WDTU is the Weather Data Transfer Utility, which is the Davis Windows software used (only) with the Envoy8X console models. The standard Weatherlink software is totally unsuited to cope with all the extra sensor data that the Envoy8X can potentially see and therefore Davis had to create WDTU to allow for the logging of all sensor data that an Envoy8X unit could conceivably receive.
To be clear, an Envoy8X still needs a standard 6510 USB or serial data logger fitted (as do all standard Envoy units of course) in order to provide an interface to the PC running WDTU. And note that the 6555 WeatherlinkIP logger is not suitable for use with the Envoy8X – again, all the extra sensor data available via an Envoy8X could overwhelm the IP logger.

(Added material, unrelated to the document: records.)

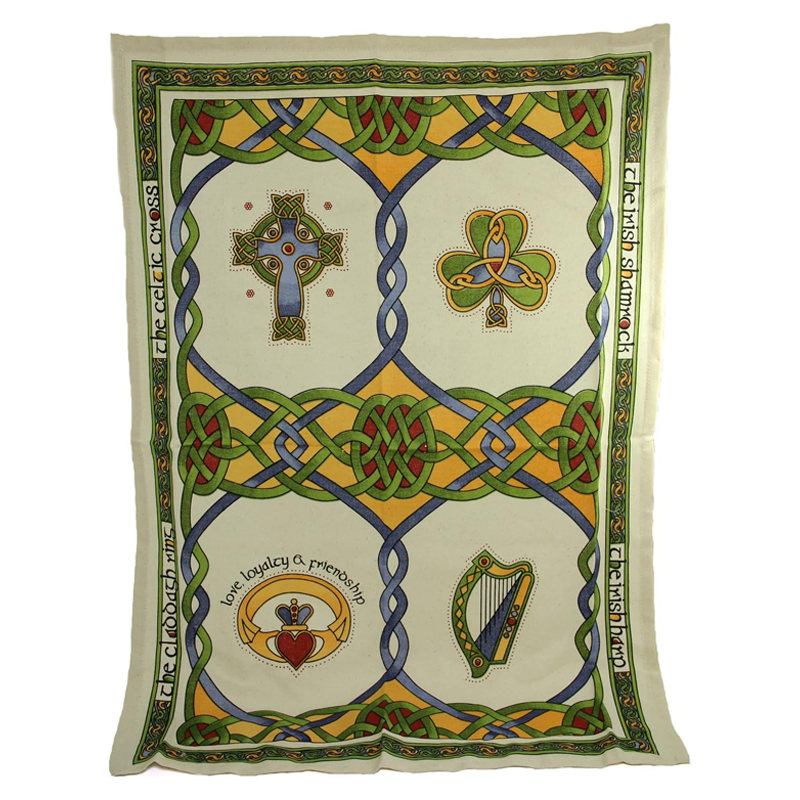 ô˜This Set of Kitchen Textile designs was inspired by 9th century ancient Celtic manuscripts and the four emblems of Ireland, the shamrock, the harp, the high cross and the Claddagh ring. Each is made from 100% cotton.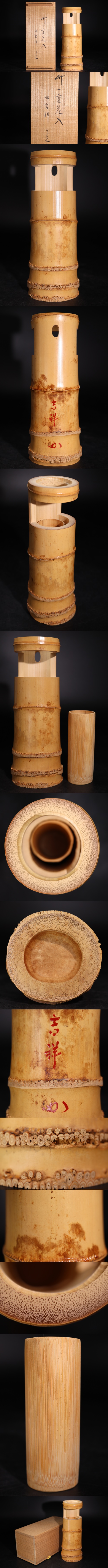 | 表千家 堀内宗完 花押 識箱 「 竹 一重 花入 銘 : 吉祥 」 / 竹工芸 竹根 竹細工 花器 壁掛け 煎茶飾 .G2106 |
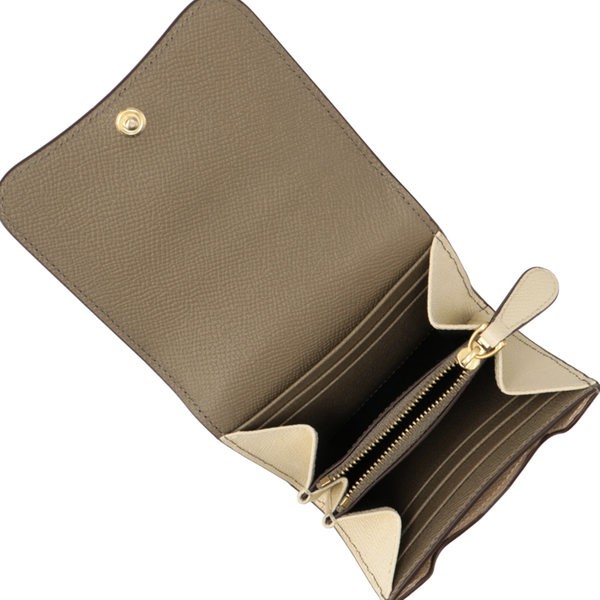 コンパクトな二つ折りタイプ。ロゴマークは同系色でさりげなく施されています。すっきりとシンプルなユニセックスデザインです。

WDTU is a fundamentally different type of software to the main Weatherlink program in that it provides no built-in features for presenting the data in graphical form (ie as charts or the real-time gauges of the WL Bulletin mode) or for summarising data e.g. as monthly/yearly NOAA reports. Instead WDTU provides only two main features:
- Comprehensive logging of data into an SQL-type database;
- Export of data into either Weatherlink (with limits on allowed sensor combinations as dictated by WL) or Excel for further processing and analysis;
The SQL database manager can be selected from a choice of MS Access or MySQL or MS SQL Server. Of these only an Access database can created directly by WDTU. Use of either MySQL or MS SQL Server requires that the database manager be sourced separately and installed by the user.

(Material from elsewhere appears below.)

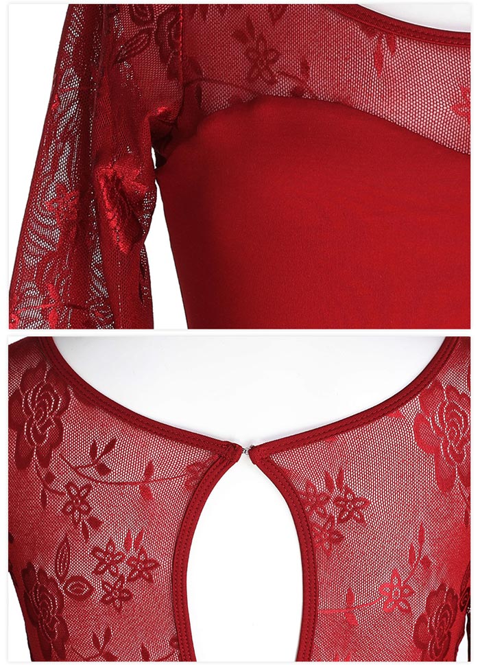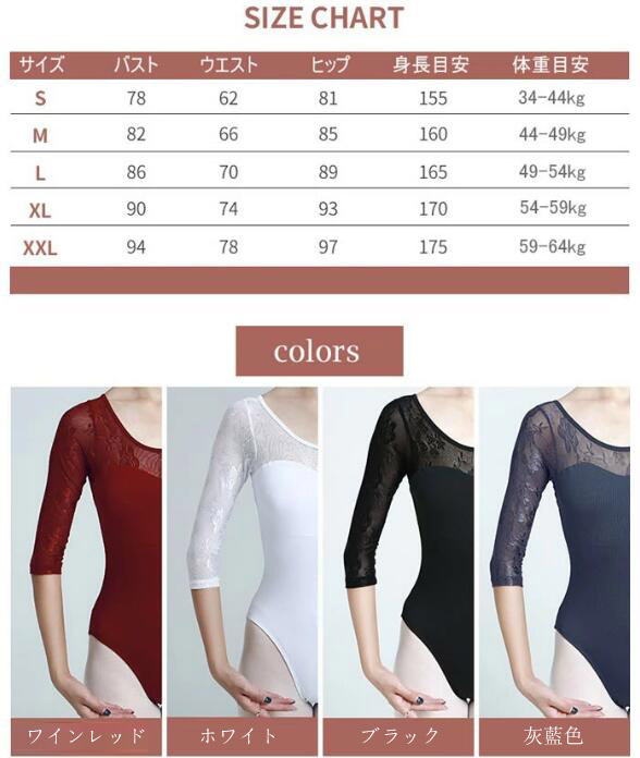 バレエ レオタード 大人 7分袖 花刺 スポーツ アウトドア 豊富 ブラック レッド ホワイト 灰藍色 S M L XL XXL

The nature of WDTU is weighted more towards providing a comprehensive log or archive of all the sensor data that the Davis wireless protocol could conceivably allow to be collected rather than being a source of real-time data. In practice, it can get reasonably close to logging real-time data with e.g. per-minute updates (or even down to time intervals of 10 seconds) but this is not really its design intent or forte and would result in considerable amounts of largely redundant data being stored.
For processing data or presenting it graphically, other than by export to Excel or by working with subsets of data exported to Weatherlink, then users will need to write or commission additional programs that will e.g. automatically query the SQL database at scheduled intervals and then carry out whatever data analysis or charting activity might be required. This is not necessarily difficult to design in principle but would obviously require a careful specification of exactly what functionality is required and then the necessary programming skills to create such an add-on program. To a substantial extent, such analysis/charting processes could be carried out in Excel, although some detailed skill in using Excel is likely to be needed for anything more than a simple analysis and the results are perhaps unlikely to be as satisfactory as with a bespoke program.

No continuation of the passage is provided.